回头看了一眼,傅诤道:“陛□子不适,你传个话给殿中丞,告知百官,今日休朝。”想了下,又吩咐了句:“陛下才睡下,别让人进去扰了她。”

来喜嗯嗯点头,自言自语道:“又不适?要不要请张太医来看一看?”

傅诤步子一顿:“我去好了。”

“哎?”来喜没反应过来,就看着傅诤紫色的朝服消失在了廊角。

前段时间闹瘟疫,太医院也是忙了个人仰马翻,宫里要伺候的主子不多,很多人被遣去帮京医署配药看方,连张掖这个副院判都不例外。现在得了闲,老太医们利用时机请假回家休养生息,胆小不经事的新手留在院中抱着药杵互相忽悠。

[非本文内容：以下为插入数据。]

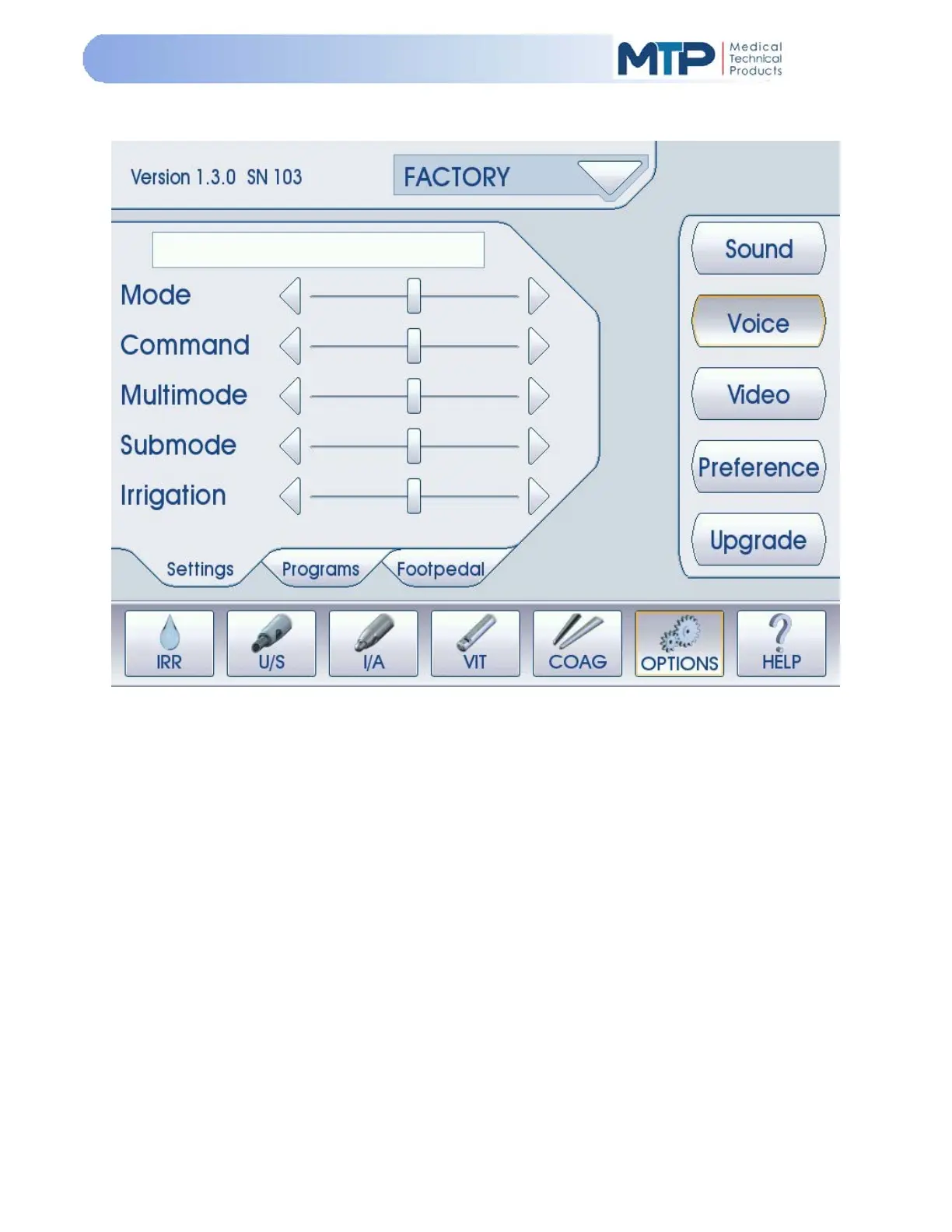 Irrigation: Controls the voice volume for the Irrigation (IRR) soft-key just below the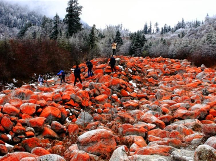 红石滩在毕棚沟3000米至4500米之间均有分布,这是一种特殊的红色苔藓,仅生存在特殊的海拔和地质条件下,也要求周边空气质量相当好。而毕棚沟最佳的红石观赏点就是红石滩,位于龙王海与上海的接待中心之间,成片的红石犹如玛瑙般镶嵌在溪沟和丛林之间。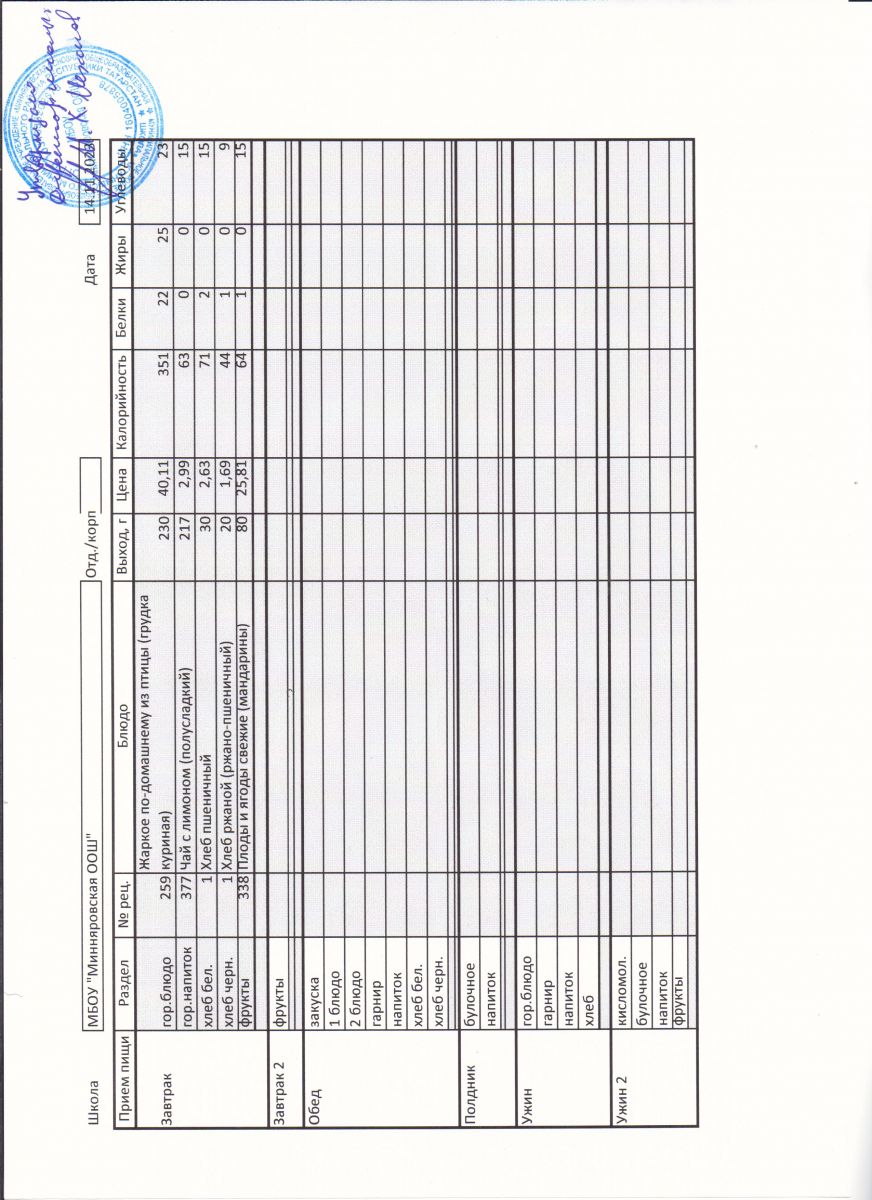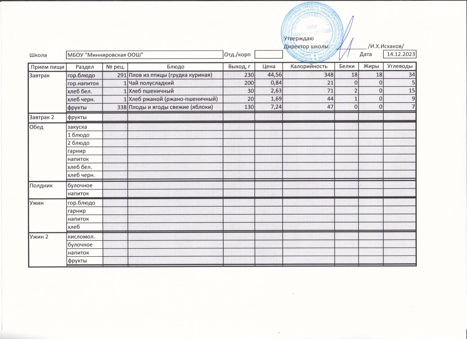 Меню МБОУ "Минняровская ООШ" на 14.12.2020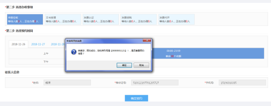 (2).選擇辦稅事項(xiàng)、辦稅時(shí)間,確認(rèn)聯(lián)系人,并“確定預(yù)約”。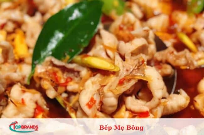 Chủ nhà hàng rất nhiệt tình và niềm nở. Chân gà sả ớt Bếp Mẹ Bông là loại chân gà to có nguồn gốc rõ ràng, được loại bỏ chân gà rút xương và được chế biến cẩn thận, vệ sinh. Chân gà giòn giòn, thấm đẫm vị chua cay cùng nước chấm nổi tiếng được thực khách yêu thích.
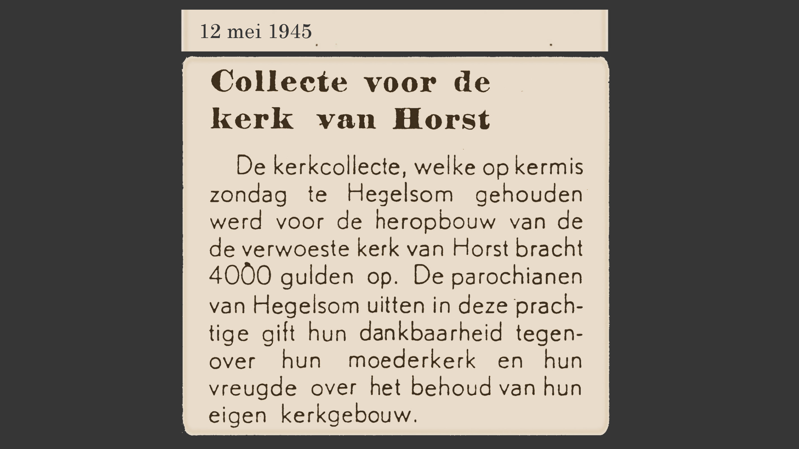 We gebruiken in dit bevrijdingsconcert de informatie en beeld- en geluidsmateriaal van de Stichting Heemkunde Hegelsom, om terug te blikken op wat er zo al gebeurde en wat de gevolgen waren voor onze parochie en dorpsgemeenschap.

张掖坐在堂中听着外面的谈论,笑着摇了摇头,平了平秤杆,匀出一钱白术。

忽然一个小医官匆匆进来,面有余悸道:“大人,外头有位大人找你。”

张掖瞥了眼他汗津津的脸:“告诉你们多少回了,行医者最忌遇事慌乱,手足无措。”

小医官委屈:“小人考进来才几天,可是头一回看见配金鱼袋的紫衣郎,能不紧张么?”

“还敢顶嘴!”

“不敢!”小医官流泪。

傅诤立在廊下,浊风拂来泥土的腥气,天边雨云堆积成摇摇欲坠的山形,似随时倾天而下。

张掖走近,看见廊下人比天还要阴郁上几分的脸色,顿生了不好的预感:“首辅大人。”他作了一揖:“可是陛下有何不妥?”

傅诤看看猫在角落里观望的小郎中们,道:“借一步说话。”

避到无人处,傅诤几番斟酌,语声压得极低:“女子初来葵水,可有什么须得注意的地方?”

冷不丁被这么一问,张掖愣神了。他心思敏捷,转瞬想到了一个人身上,不禁骇然,又怕自慌阵脚,试探道:“不同体质有不同的反应,首辅能否形容下那位姑娘的表现?”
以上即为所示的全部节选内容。